A Data Safety Monitoring Committee (DSMC) has been formed to assess emerging external evidence in relation to STan, and to monitor adverse events, compliance with trial protocol and progress of recruitment. The DSMC will be notified of and meet as soon as possible after the occurrence of any of the following adverse events: maternal death; and fetal or neonatal death that could be reasonably attributed to, or partly caused by, CTG + STan or CTG alone. The DSMC will also be notified of and asked to deliberate on adverse events including unplanned intensive care admissions (maternal or neonatal) and any other adverse event of significant concern to the investigators or clinical staff.

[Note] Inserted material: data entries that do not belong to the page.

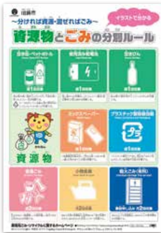
リーフレット表紙

市民の皆様には資源物とごみの分け方等についてより理解を深めていただくため、絵やピクトグラム(絵文字)を使って分別ルールを説明したリーフレットを作成しました。
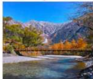
ดามิโดจิ
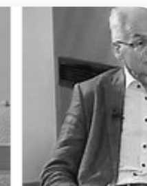
EP8 Trailer3 I

Broj prikaza: 20.6K · 6 months ago YouTube › Pretres Podcast
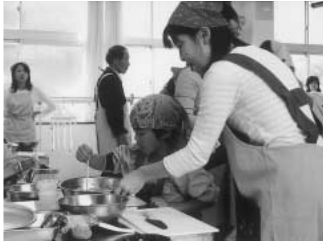
▲お母さん、お父さんと一緒に作ったよ!

11月6日(月)、必佐小学校の調理室において、必佐幼稚園5歳児の親子を対象に「親子クッキング教室」が開催され、38名が参加されました。これは、親子で食の大切さを学んでもらおうと保健センターが主催したものです。
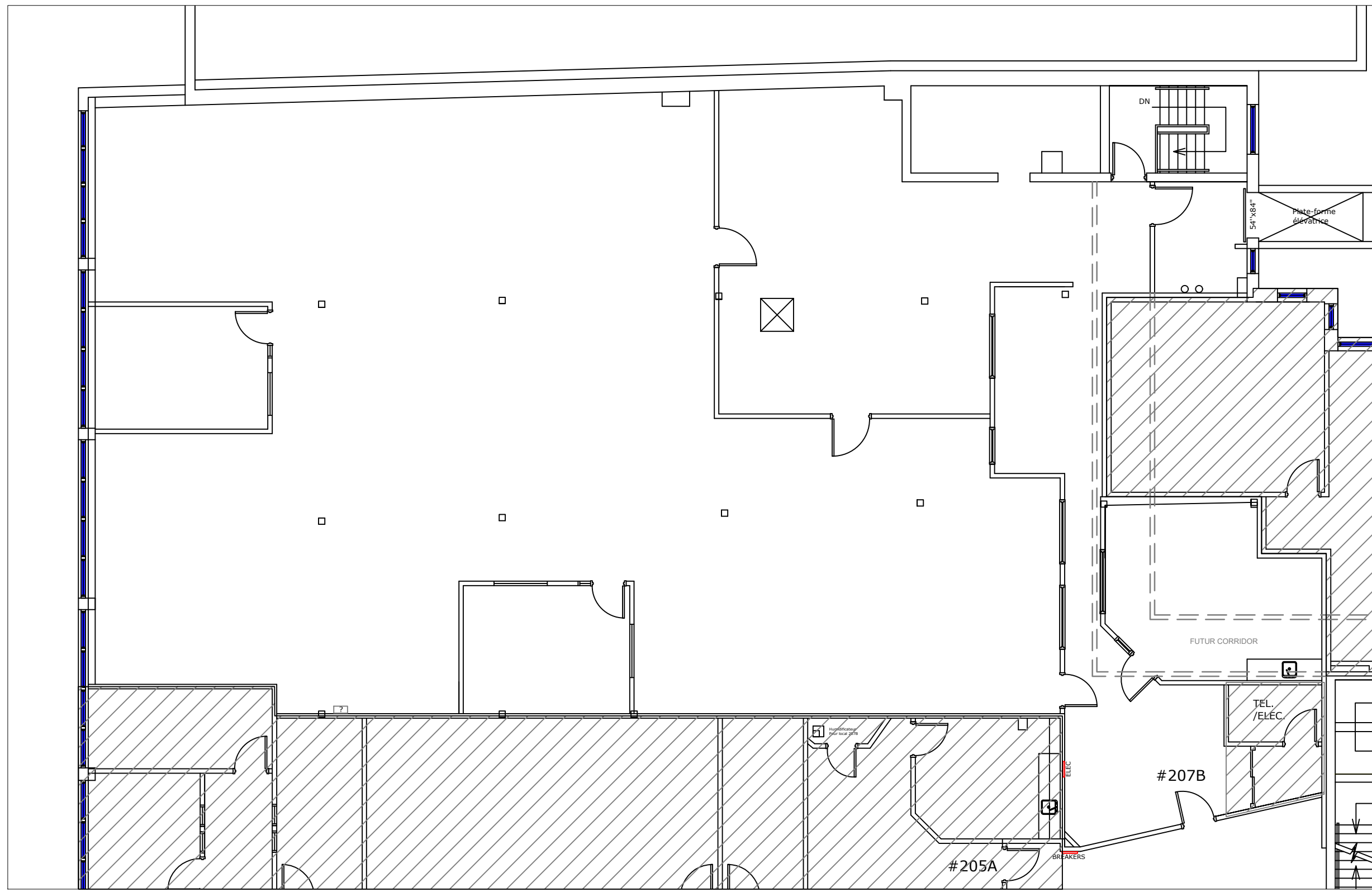
PLAN DU BUREAU
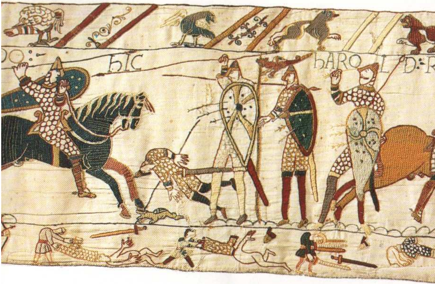
58. Et fuga verterunt Angli. E gli Inglesi si diedero alla fuga.
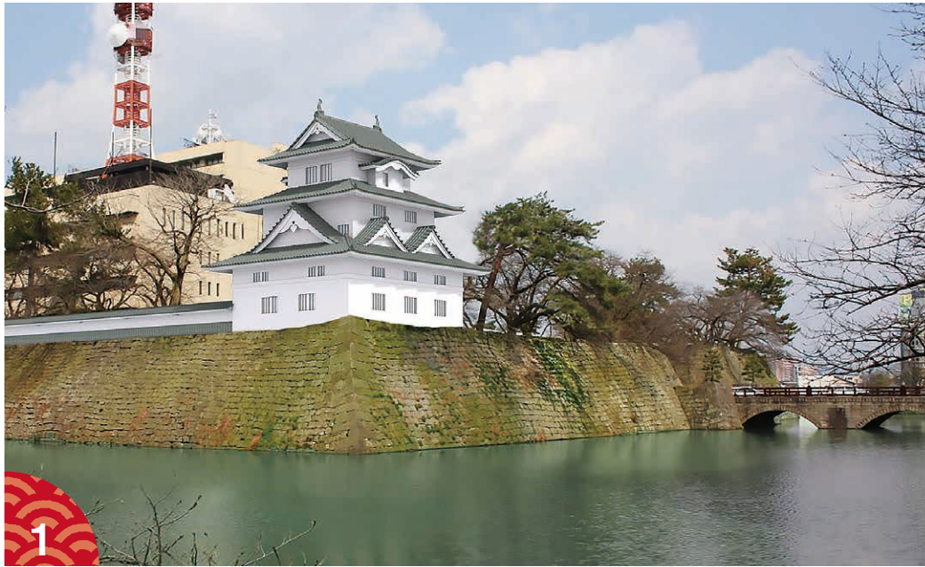
復元イメージ(令和11年度完成予定)
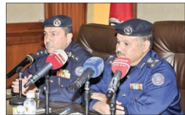
العميد جمال البليهيص والعميد خليل الأمير خلال المؤتمر الصحافي
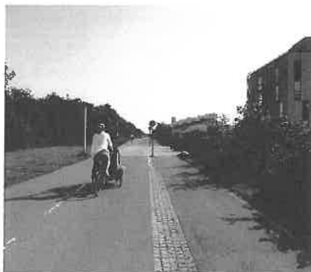
Cykelstien til Ørestad skole morgen og eftermiddag
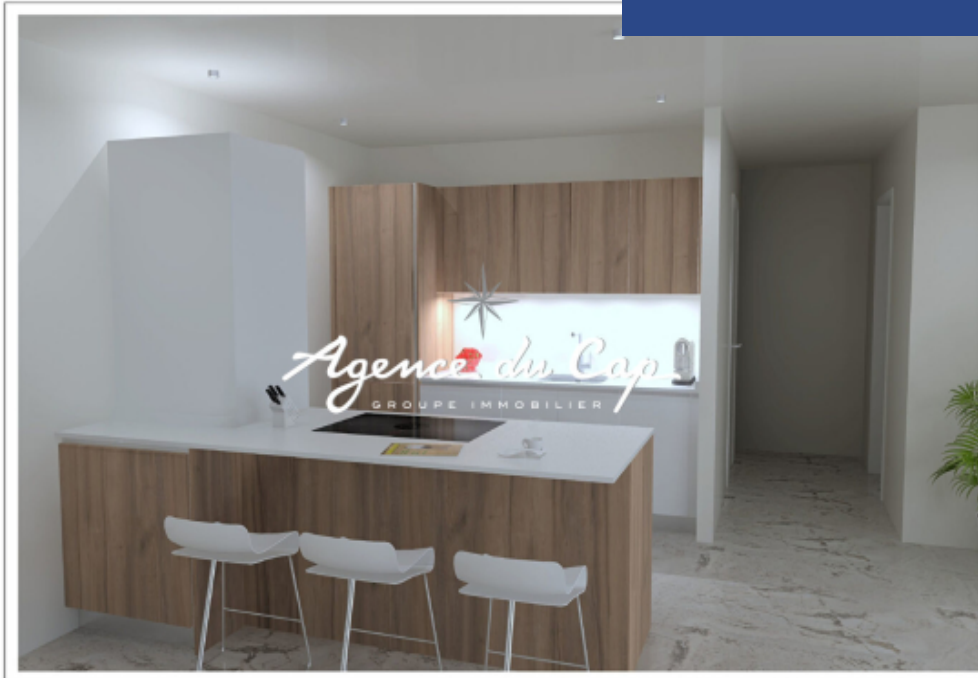
Dessin Non Contractuel

The committee will also be convened in the event that the chief investigator (CW) receives a report of an adverse event, due to STan monitoring, from weekly alerts of the published literature. Responses of the DSMC may include cessation of the study or modification of the protocol, which will in turn be re-submitted to the ethics committees.

Results will be disseminated via peer-reviewed publications as well as at institutional and state-based clinical meetings and national and international conferences such as the Perinatal Society of Australia and New Zealand and the Royal College of Obstetrics and Gynaecology. It is expected that the study will also be the subject of journal clubs and Twitter feeds, and we will ensure that the results are translated into relevant clinical guidelines, practice and policy briefs, news releases, educational sessions and one-to-one briefings. Results will also be directly disseminated via the Women’s Healthcare Australasia Clinical Network.

The trial is currently recruiting participants. Current protocol version 28 (13 March 2019). Recruitment commenced in 22 January 2018; expected recruitment completion is July 2020. The primary investigator will notify the trial register, the ethics committees, the DSMC and this journal should any major changes be made to the trial protocol.